AgapanthusPink · 22/11/2025 11:53

Helenavets · 20/11/2025 20:36

He didn’t point out the message but didn’t try to stop me seeing it if that makes sense.

We’ve just discussed it again and I asked him did she not think maybe I’d read it and be a bit confused. He said that he doesn’t think she’s aware of me as he tries to keep out relationship private when it comes to work.

I can’t lie, I have slight alarm bells ringing!

Now him not mentioning you at work that would be my alarm bell. It takes a conscious effort to not mention your partner just even in answer to as basic a question as ‘Have you got anything planned at the weekend’. I once tried it for a week as an experiment, talking about general stuff and never mentioning my then partner. It’s bloody hard. I tested it out because I have worked with people, always men, who like to give the impression of being single.

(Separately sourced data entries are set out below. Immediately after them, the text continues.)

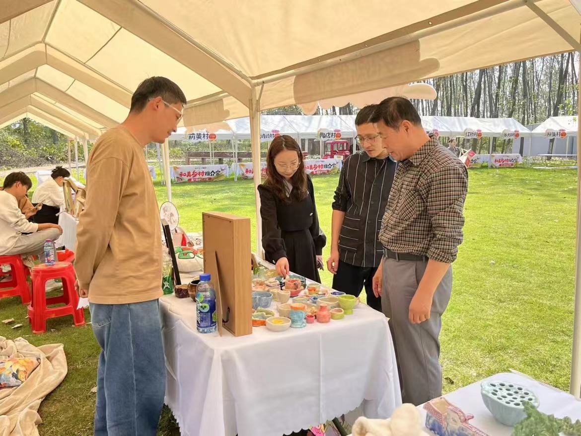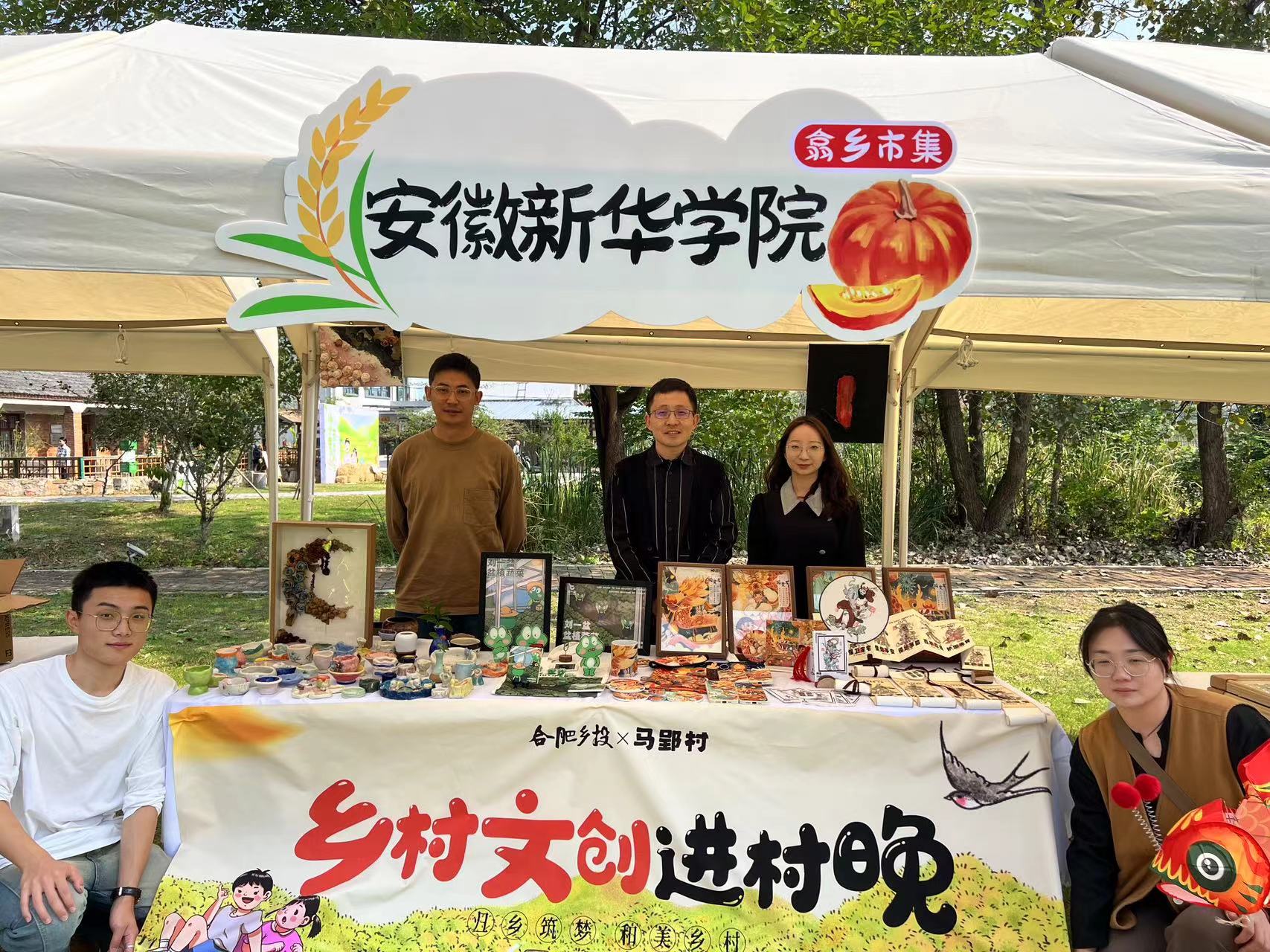 本网讯(通讯员:江河、朱蕾)为展现我国新农村丰硕成果和乡村振兴新气象,由中国文化和旅游部主办,文化和旅游部公共服务司、文化和旅游部公共文化发展中心、安徽省文化和旅游厅承办,安徽省文化馆、中国文化馆协会、合肥市文化和旅游局、长丰县人民政府实施的“大地欢歌·美好安徽”全国秋季“村晚”合肥长丰示范展示活动于2023年10月14日在合肥市长丰县杨庙镇马郢村举行,国家公共文化云、安徽公共文化云全程直播。WilliamHill官网艺术学院教师王晓俊、朱蕾、王伟指导学生创作的30多件文创作品荣幸被推选参加本次现场“乡村好物展”直播活动。
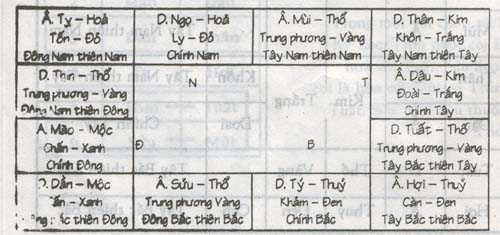 Thí dụ: A – Con trai sinh năm Tý, vậy phải khởi Tý từ cung Tuất, ghi chữ Tý bên cung Tuất, rồi theo chiều thuận, ghi chữ Sửu bên cung Hợi, chữ Dần bên cung Tý, đoạn lần lượt ghi vào bên những cung liên tiếp thứ tự 12 Chi.
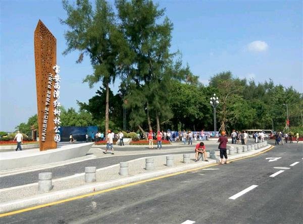 西湾公园是集休闲、游憩、科普于一体的高品质滨海景观公园。以“多彩西湾,活力生活”为主题,观海平台由三座“船锚”形的观景平台及栈桥组成,每座“船锚”呈弧形展开,取意“新月倒影,拥抱游人”。三座“船锚”弧长分别约65、45、60米,平台面积约700、300、340平方米,与海岸由宽度约3.5-4米的栈桥连接,可容纳约2200人观景。西湾公园整个工程分三期建设,建成后将拥有绿道主环线9.3公里,滨海栈道约7.5公里,湿地公园约53公顷,滨海红树林带20公顷。
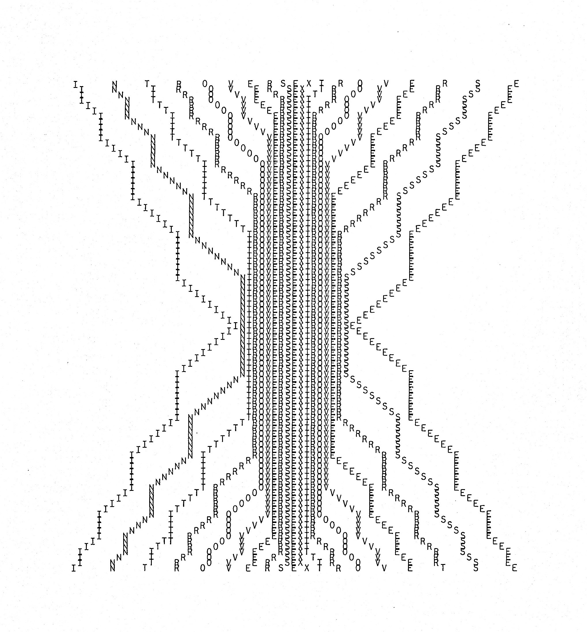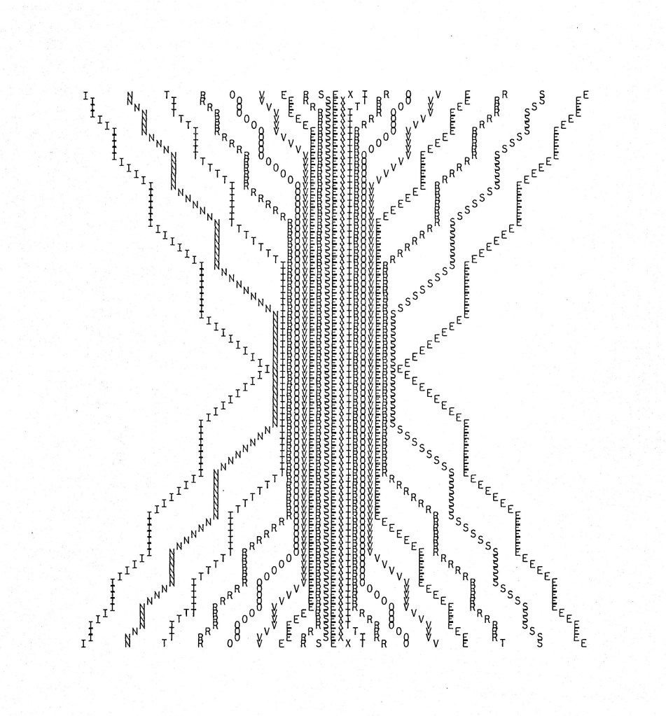Ruth Wolf-Rehfeldt: Introverse, um 1980, aus: Marvin und Ruth Sackner: Schreib/ maschinen/ kunst//. Mit über 570 Abbildungen Aus dem Englischen von Claudia Kotte. München: Sieveking, 2015, S. 162.

I worked with one bloke who clearly had a thing for me and one night out made a pass which I turned down. I ended up feeling guilty because I wasn’t attracted to him at all and thought he was just sad and a bit lonely. Anyway he went long term sick and I was shocked when someone said his wife had rung in to let them know how he was getting on! I had worked with this bloke for over a year at this point and not once did he give any indication of being married. Sadly that was not a one off experience. The excuse is always that they like to keep their private life private which is why I carried out my own test to see how difficult it is to never mentioning my your partner even if you’re just saying ‘we went to the cinema’ or whatever. These people will say ‘I went to the cinema’ so it’s definitely conscious.

TryingAgainAgainAgain · 22/11/2025 11:59

That's absolutely key to this, @AgapanthusPink. A lot of posters are missing that.

ClassicalQueen · 22/11/2025 12:49

It’s just a bit of banter. Don’t read into it too much.